Food Crisis Largely Due to Biofuel Production
A group of food scientists called for a reconsideration of plans to use foods such as corn and soybeans for biofuels.
Three senior scientists from CGIAR, an international research group aimed at fighting hunger, said if production of biofuels like ethanol was stopped it could reduce the price of corn by 20 percent.
President Bush, however, called for the United States to increase ethanol production in order to combat the national energy crisis exhibited by the high prices at the pump.
A biofuel moratorium this year alone could result in a drop in corn prices by 20 percent, and wheat prices would also decrease by about 10 percent between 2009-10.
Currently, the United States is the biggest biofuel producer in the world.
Joachim von Braun, Director General at the International Food Policy Research Institute in Washington, the policy arm of CGIAR, said that more research should be done on developing non-grain crops, such as switchgrass, into biofuel.

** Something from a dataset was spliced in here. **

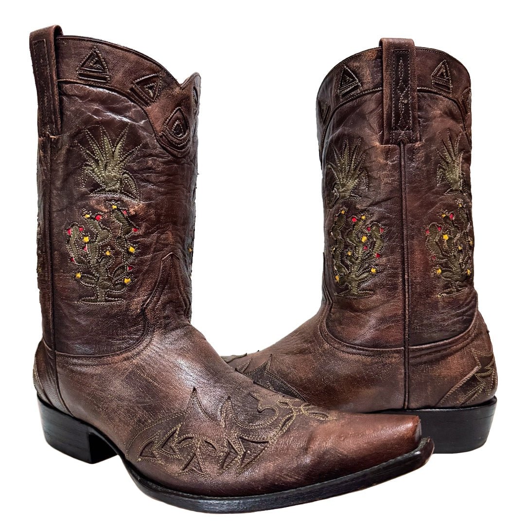 OLD GRINGO discontinued men’s cowboy boots in a rustic brown leather with green and red cactus inlays, desert theme.
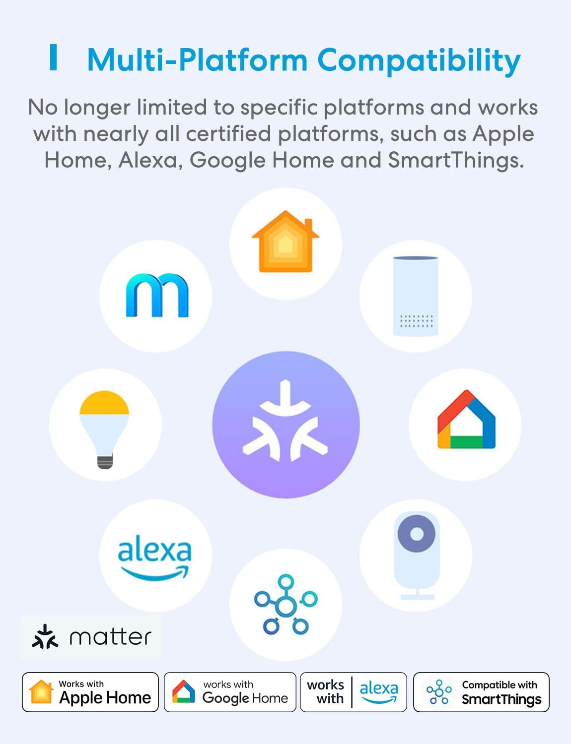 ✅【Matter Multi-platform Compatibility】Discover the power of Matter! Never limited to any platform anymore. Matter plug works seamlessly across all certified smart home platforms such as Apple Home, Alexa, Google Home, and SmartThings, enabling interoperability of all platforms and all Matter products, to easily build your Matter smart home.

He added that the United States and other countries have to make a hard choice between fighting high fuel prices and fighting world hunger.

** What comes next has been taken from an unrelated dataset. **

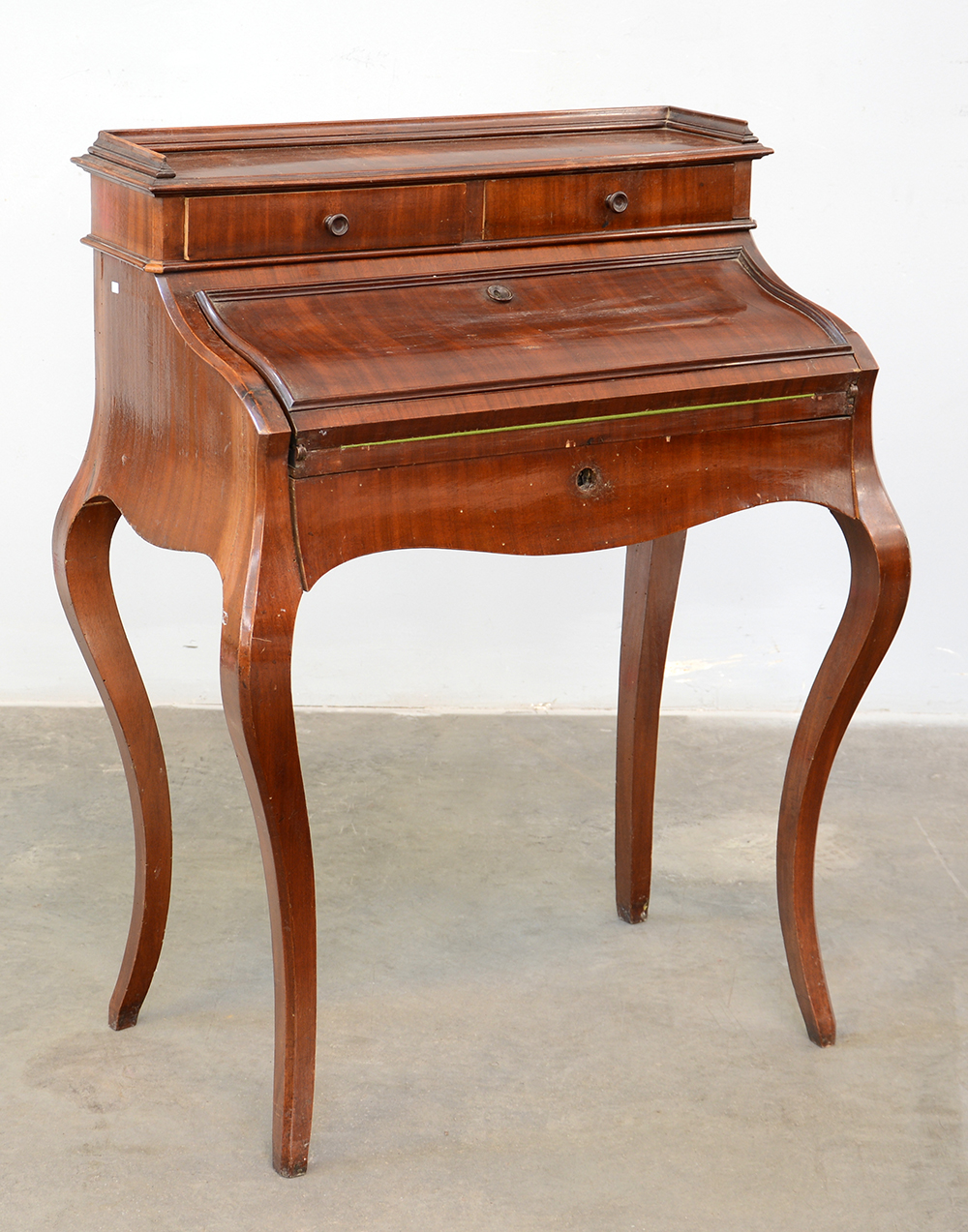 Ribaltina con alzata a due cassetti in linea, antina celante due cassetti e vano, un cassetto nella fascia mossa e gambe sagomate (cm 72x97x47) (difetti)

“If you place a high value of food security for poor people, then the conclusion is clear that we step on the brake awhile,” said von Braun. “If you place a high value on national energy security, other considerations come into play.”

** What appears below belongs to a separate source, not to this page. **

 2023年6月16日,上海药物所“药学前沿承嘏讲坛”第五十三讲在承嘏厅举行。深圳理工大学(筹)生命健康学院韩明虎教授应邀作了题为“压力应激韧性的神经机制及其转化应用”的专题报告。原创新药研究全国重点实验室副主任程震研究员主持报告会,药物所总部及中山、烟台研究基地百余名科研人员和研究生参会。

In a Tuesday press conference, President Bush said the high price of gasoline would “”spur more investment in ethanol as an alternative to gasoline.”
“And the truth of the matter is, it’s in our national interest that our farmers grow energy, as opposed to us purchasing energy from parts of the world that are unstable or may not like us,” Bush said.
The price of corn has skyrocketed, rising over 60 percent between 2005 and 2007, according to a study conducted by the World Bank. The study noted that the main reason for the increase was more production of biofuels like ethanol.
President Bush said biofuel is responsible for about 15 percent of the rise in food costs. U.S. Department of Agriculture spokesman Keith Williams put it closer to 20 percent.
Ethanol supporters say the corn used for fuels is the type only fed to livestock. However, other experts say it leads to higher livestock feed prices, thus higher food prices.
Von Braun acknowledged that many issues are contributing to the worldwide food crisis, but biofuel is one of the largest ones.
Legislators in Missouri are already considering lifting a requirement that fuel in that state contain 10 percent ethanol.
Up to 30 percent of the all food price increases from 2000-2007 could be due to biofuels, according to research from the International Food Policy Research Institute.
An industry-funded study claims the food cost rise from biofuels is 4 percent.
Matt Hartwig, a spokesman for the Renewable Fuels Association, said, “World agriculture can both feed and fuel the globe.”